## INSTRUCTIONS FOR THE TASK
Transcribe the listing word for word, beginning at its first line and ending at the line containing "消毒作業やビル管理、清掃と様"; omit the pictures.

## SOURCE MATERIAL

┄┄┄┄┄┄┄┄┄┄

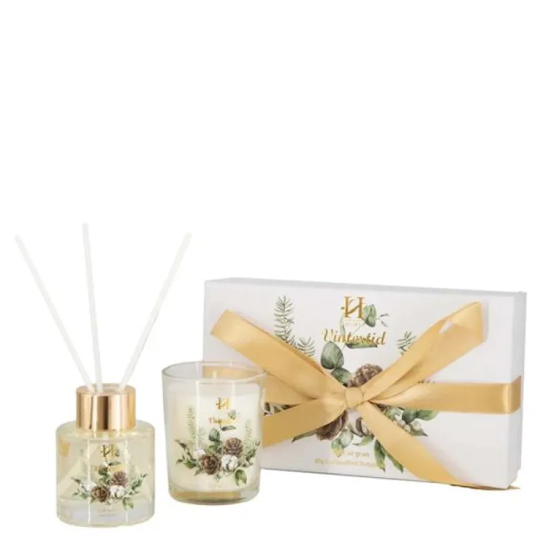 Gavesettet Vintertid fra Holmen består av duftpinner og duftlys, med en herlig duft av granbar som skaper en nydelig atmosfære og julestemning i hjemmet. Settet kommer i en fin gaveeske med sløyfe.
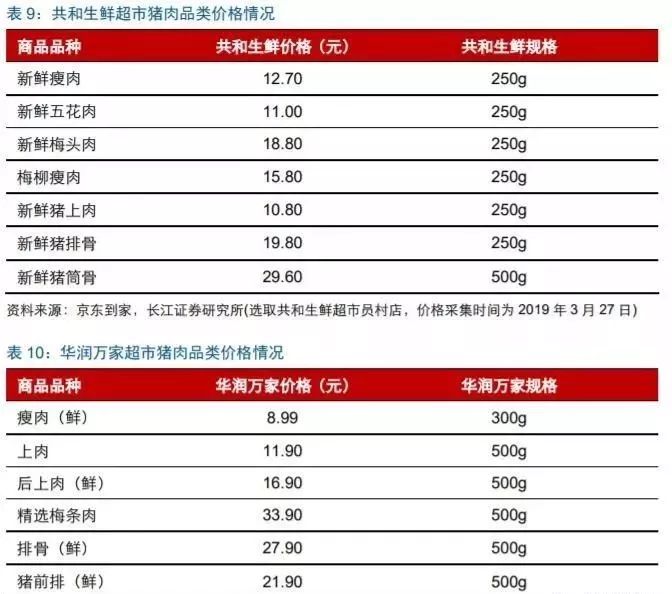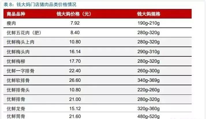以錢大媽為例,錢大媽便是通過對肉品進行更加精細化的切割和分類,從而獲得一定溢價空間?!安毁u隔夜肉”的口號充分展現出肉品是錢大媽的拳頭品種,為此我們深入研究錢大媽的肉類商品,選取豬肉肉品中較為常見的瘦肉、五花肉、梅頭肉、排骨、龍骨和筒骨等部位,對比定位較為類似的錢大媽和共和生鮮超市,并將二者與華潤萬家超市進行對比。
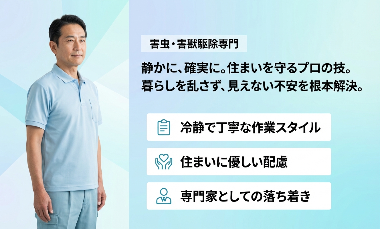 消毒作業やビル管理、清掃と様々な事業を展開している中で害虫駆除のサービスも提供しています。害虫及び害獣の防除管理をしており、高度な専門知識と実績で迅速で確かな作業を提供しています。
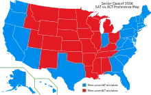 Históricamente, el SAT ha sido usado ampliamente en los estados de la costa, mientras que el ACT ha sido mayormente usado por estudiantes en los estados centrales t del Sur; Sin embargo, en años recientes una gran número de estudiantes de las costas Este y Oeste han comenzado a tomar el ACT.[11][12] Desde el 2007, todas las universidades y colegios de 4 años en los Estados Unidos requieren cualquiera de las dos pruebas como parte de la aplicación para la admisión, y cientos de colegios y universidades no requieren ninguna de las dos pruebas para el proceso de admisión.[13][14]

┄┄┄┄┄┄┄┄┄┄

## RESULT OF THE TASK
 Gavesettet Vintertid fra Holmen består av duftpinner og duftlys, med en herlig duft av granbar som skaper en nydelig atmosfære og julestemning i hjemmet. Settet kommer i en fin gaveeske med sløyfe.
以錢大媽為例,錢大媽便是通過對肉品進行更加精細化的切割和分類,從而獲得一定溢價空間?!安毁u隔夜肉”的口號充分展現出肉品是錢大媽的拳頭品種,為此我們深入研究錢大媽的肉類商品,選取豬肉肉品中較為常見的瘦肉、五花肉、梅頭肉、排骨、龍骨和筒骨等部位,對比定位較為類似的錢大媽和共和生鮮超市,并將二者與華潤萬家超市進行對比。
 消毒作業やビル管理、清掃と様々な事業を展開している中で害虫駆除のサービスも提供しています。害虫及び害獣の防除管理をしており、高度な専門知識と実績で迅速で確かな作業を提供しています。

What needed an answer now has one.